But, because of it’s diminutive size, it also comes with a diminutive keyboard, and screen, which measures in at 11.3 inches, diagonally. While the A-150 would run the programs
I need to write articles well, the small screen size makes photo editing a bit tricky, and the half scale keyboard is a bit difficult to navigate when you’re equipped with
big mitts like me.
So, for a while now, I had been looking for a laptop. Being limited in funds limited me in options, but I had a couple requisites; it had to have a screen capable of 1024×768
resolution, and have at least a 3/4 size keyboard. I was hoping for at least a low end Pentium 3, for a CPU.
One option I considered, was to piece one together, using parts found on eBAY, and at online laptop parts suppliers. I still might do this sometime.
Eventually, one came along for sale, that I was able trade some hardware I had for. This is the machine in the first picture at the top of this page. It’s a Compaq Presario 1700 series.
Let’s take a look at what’s inside this machine, as delivered by Compaq;
- Model#: 17XL260
- CPU: Pentium 3 500 MHz
- System Memory: 64 MB PC100 (upgradable to 512MB)
- LCD: 13.3 TFT Active Matrix display
- Graphics: ATi Mobility M1 chipset, with 8MB dedicated memory
- Max internal resolution: 1024 x 768 (1280 x 1024 external)
- Hard drive: 6.0 GB
- Optical drive: 3x DVD-ROM (24x CD read), hotswappable
- Floppy drive: 1.44 MB 3.5″, hotswappable with optical drive
- Keyboard: 88 key, full size (101 key compatible)
- Audio: ESS Allegro audio, with JBL Pro speakers
- Network: N/A
- Modem: 56K ITU v90 modem
Now, before I made the deal for this laptop, I had a chance to do a bit of research on it. I knew that most of the newer laptops are upgradable, in that a faster CPU can be
swapped in, memory can be added, and in some of the newest ones, the video is built on a separate board, meaning that the graphics subsystem can even be upgraded.
I inquired about the exact model number of this machine, and started doing some research. I started out at Google, which led me to various laptop parts resellers, eBAY, and many other places.
As my research progressed, I was able to narrow down what was inside the machine, before I even got it. I found a key item at Compaq’s website, that being a Maintenance
and Service Manual. It detailed complete disassembly of this laptop.
In reading this manual, I was able to determine that the CPU was actually socketed, not soldered to the motherboard, effectively making this laptop upgradable.

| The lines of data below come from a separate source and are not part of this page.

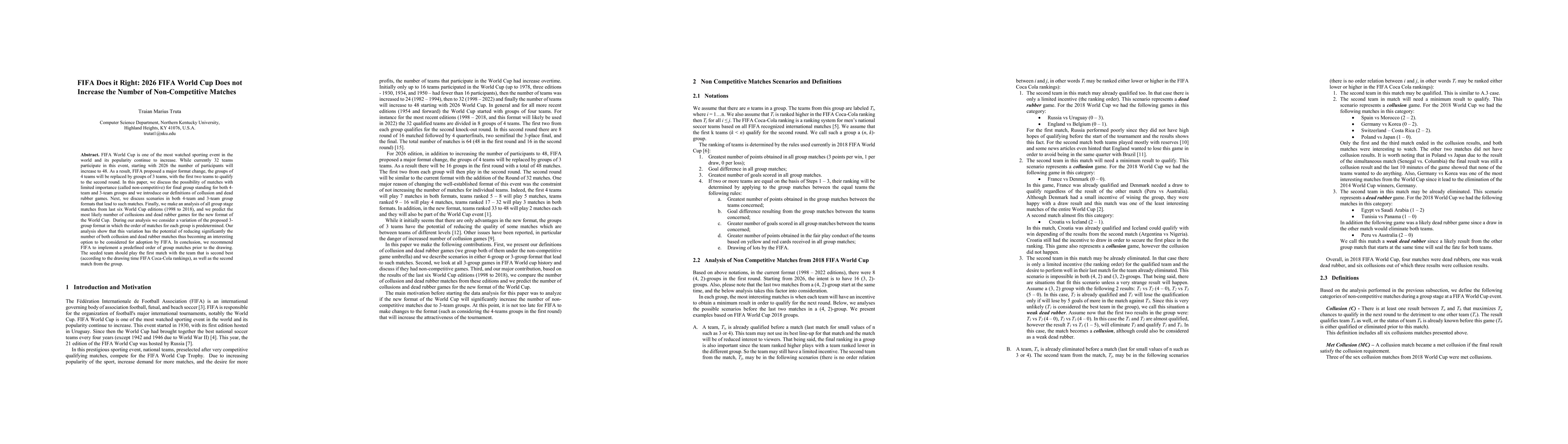 The 2026 FIFA World Cup format change from 32 to 48 teams reduces non-competitive matches through a predefined match order, significantly reducing collusion and dead rubber games.
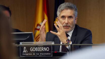 El ministro del Interior, Fernando Grande-Marlaska, ha defendido este miércoles la mano dura ante las entradas violentas en territorio español. “Humanidad no es permisividad”, ha resumido en la comisión de Interior del Congreso.
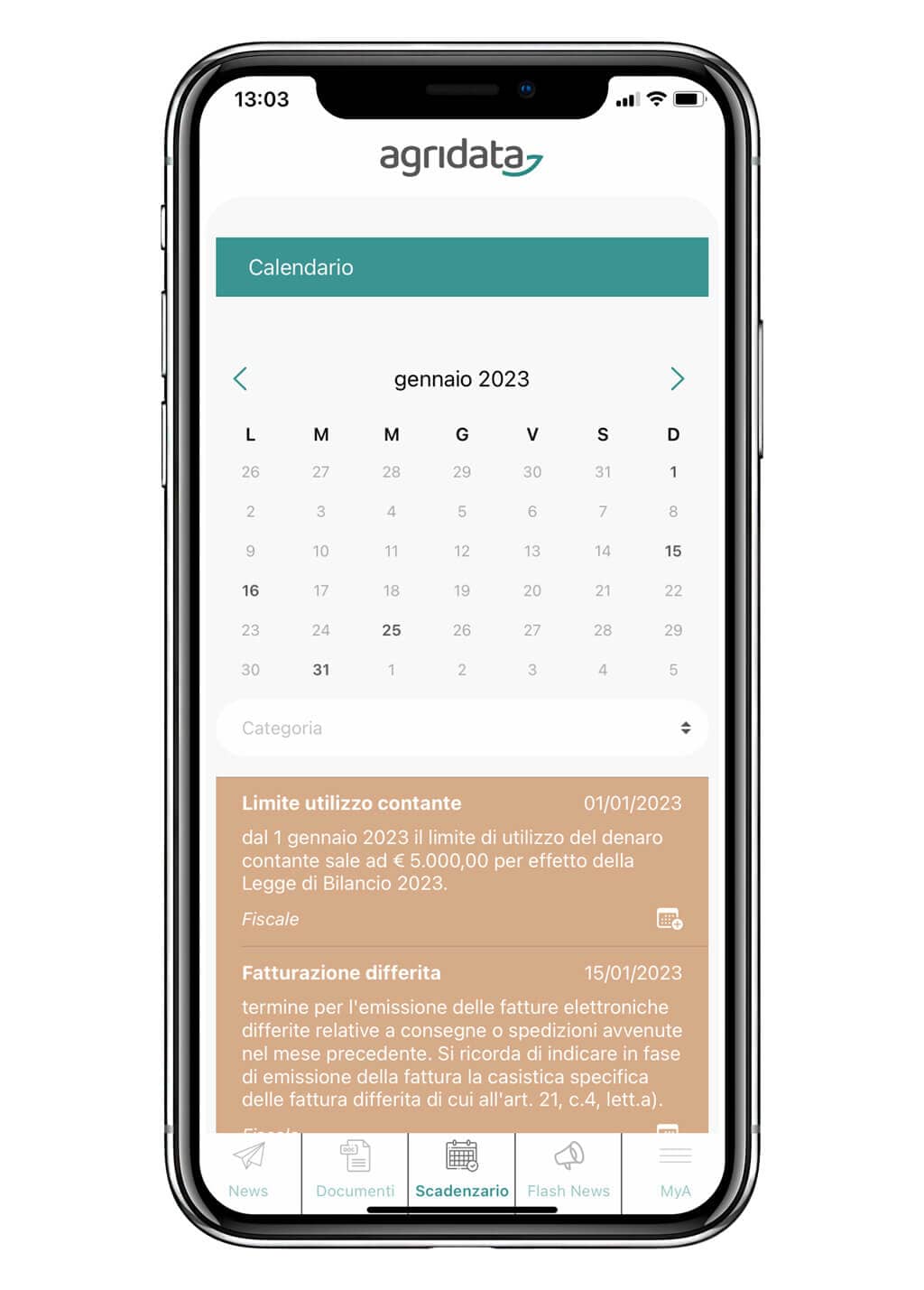 Abbiamo creato l’area riservata MyAgridata per offrirti tutto quello che ti può servire a migliorare la gestione quotidiana della tua azienda agricola. Dallo scadenzario per non perderti neanche una data importante, a uno spazio riservato per tutti i tuoi documenti, fino ad articoli e approfondimenti esclusivi sul mondo agricolo: tutto questo è MyAgridata. Salva gli articoli tra i tuoi preferiti, scegli le categorie più interessanti per te e sfrutta tutte le possibilità di MyAgridata.

I found that there
were two ram slots built in, and could support two sticks of 256 MB, 512 MB total.
In the process of researching, I found replacement CPUs in good quantities on eBAY. I watched, waited, and bid on a CPU that was a good speed increase and came with a warranty.
I was also able to acquire two sticks of 128 MB PC100 to upgrade the memory from the original 64 MB.
Over the next few pages, we’ll take a look inside this laptop, and improve it’s performance along the way. After that, we’ll look at some benchmark scores, to see the results
of these improvements.
As you might expect, like any PC, ESD (electrostatic discharge) is always a concern. Take appropriate precautions when working on your PC or laptop.
And also, as you would naturally unplug your power supply from the wall when servicing your PC, remove the battery first from your laptop as you disassemble it.
This article isn’t designed to be a repair manual, and unless you have a Presario 1700, your laptop will be assembled differently. Check your manufacturer’s site for
a manual specific to your model. Research your model, and find out what upgrades, if any, can be done before you take it all apart.
And…keep careful track of the screws you remove, what they hold together, and what hole they came out of!! Putting the incorrect screw into a wrong location (too
long a screw where a short one should be, etc..) could have drastic consequences. Too short a screw in the wrong location might not hold parts together properly, too long a screw
might hit something further inside the laptop, causing a short if it hits circuitry.
Start with the easy stuff. Take out the battery, hard drive, optical drive (if removable).
This particular laptop has a trim piece over the power buttons and LEDs, that gets removed first. After that, the keyboard is free to come up, but not out. It lifts up from
the front edge, and gets flipped over and laid down on top of the touchpad for the next step.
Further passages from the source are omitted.